Exercise data →

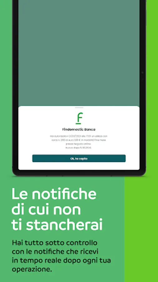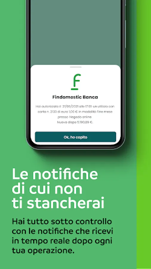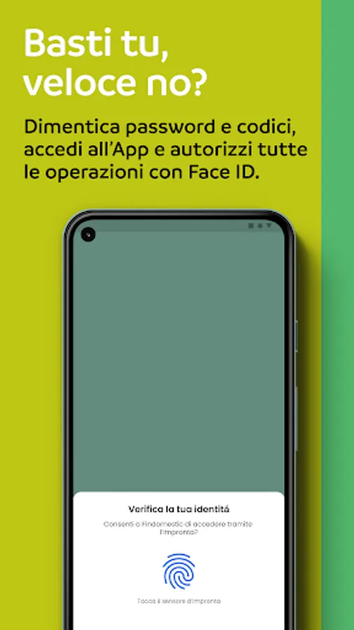 It's fast and secure and you do everything from mobile. You can forget passwords and codes, with Findomestic Banca Mobile App you can access your home banking and authorize all operations with biometrics.
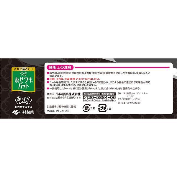 【注意】・麻や綿、混紡の素材・伸縮性のある衣類・機能性衣類・柔軟剤を使用した衣類には、接着しにくい場合がある。・衛生上および機能上、一度使用したシートは繰り返し使用しない。・使用中や使用後に肌に異常があらわれた場合は、使用を中止する。・万が一、使用後に衣類の表面に糊が残った場合は、そのまま洗濯したり、アイロンや乾燥機など、熱を加えない。★衣類への糊残りや衣類変色を防ぐため、次のことに注意して使用する。・シートは着用した当日中にとりはずす・とりはずす際はゆっくりと丁寧にはがす・シートを装着したまま洗濯しない・シートを装着する直前や装着したまま、アイロンや乾燥機など、熱を加えない
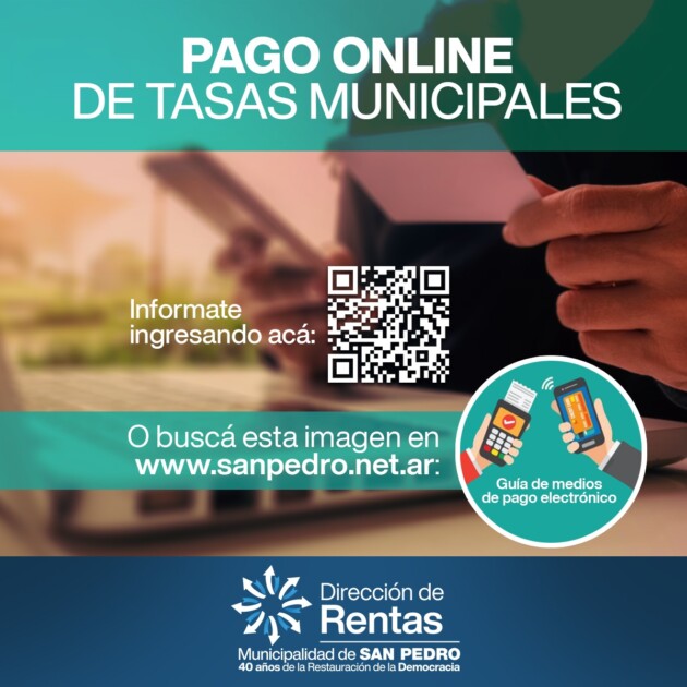 La Dirección de Rentas de la Municipalidad informó que se ha puesto en marcha el servicio de pagos en línea para las tasas municipales en San Pedro. Los contribuyentes ahora tienen la opción de realizar sus pagos de manera electrónica a través del sitio web oficial de la Municipalidad de San Pedro (https://sanpedro.net.ar) con el objetivo de brindar una alternativa para mantenerse al día con sus obligaciones.
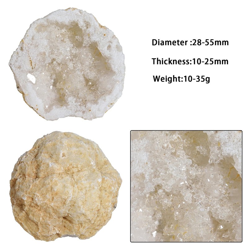 - Irregular titanium coated crystal geode size: stone diameter: 28 mm - 55 mm, thickness: 10 mm - 25 mm; weight approx. 10g-35g Due to the uniqueness of natural gemstones, this colorful stone cluster specimen varies in size, shape, color, and cluster.
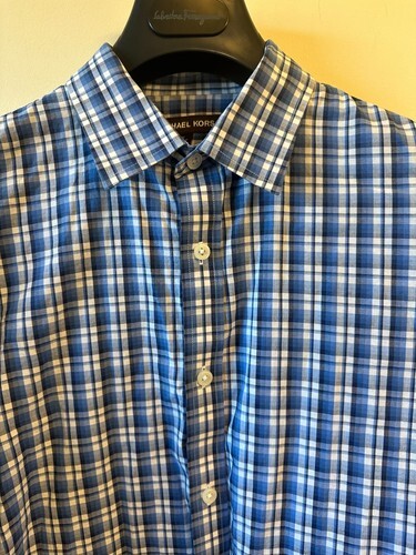 This Michael Kors blue plaid convertible sleeve button down shirt is in excellent condition with no signs of damage of any kind. It features:

Directions for this task →
All of the data needs repeating exactly, but the pictures do not.

Result of the task →
 It's fast and secure and you do everything from mobile. You can forget passwords and codes, with Findomestic Banca Mobile App you can access your home banking and authorize all operations with biometrics.
 【注意】・麻や綿、混紡の素材・伸縮性のある衣類・機能性衣類・柔軟剤を使用した衣類には、接着しにくい場合がある。・衛生上および機能上、一度使用したシートは繰り返し使用しない。・使用中や使用後に肌に異常があらわれた場合は、使用を中止する。・万が一、使用後に衣類の表面に糊が残った場合は、そのまま洗濯したり、アイロンや乾燥機など、熱を加えない。★衣類への糊残りや衣類変色を防ぐため、次のことに注意して使用する。・シートは着用した当日中にとりはずす・とりはずす際はゆっくりと丁寧にはがす・シートを装着したまま洗濯しない・シートを装着する直前や装着したまま、アイロンや乾燥機など、熱を加えない
 La Dirección de Rentas de la Municipalidad informó que se ha puesto en marcha el servicio de pagos en línea para las tasas municipales en San Pedro. Los contribuyentes ahora tienen la opción de realizar sus pagos de manera electrónica a través del sitio web oficial de la Municipalidad de San Pedro (https://sanpedro.net.ar) con el objetivo de brindar una alternativa para mantenerse al día con sus obligaciones.
 - Irregular titanium coated crystal geode size: stone diameter: 28 mm - 55 mm, thickness: 10 mm - 25 mm; weight approx. 10g-35g Due to the uniqueness of natural gemstones, this colorful stone cluster specimen varies in size, shape, color, and cluster.
 This Michael Kors blue plaid convertible sleeve button down shirt is in excellent condition with no signs of damage of any kind. It features:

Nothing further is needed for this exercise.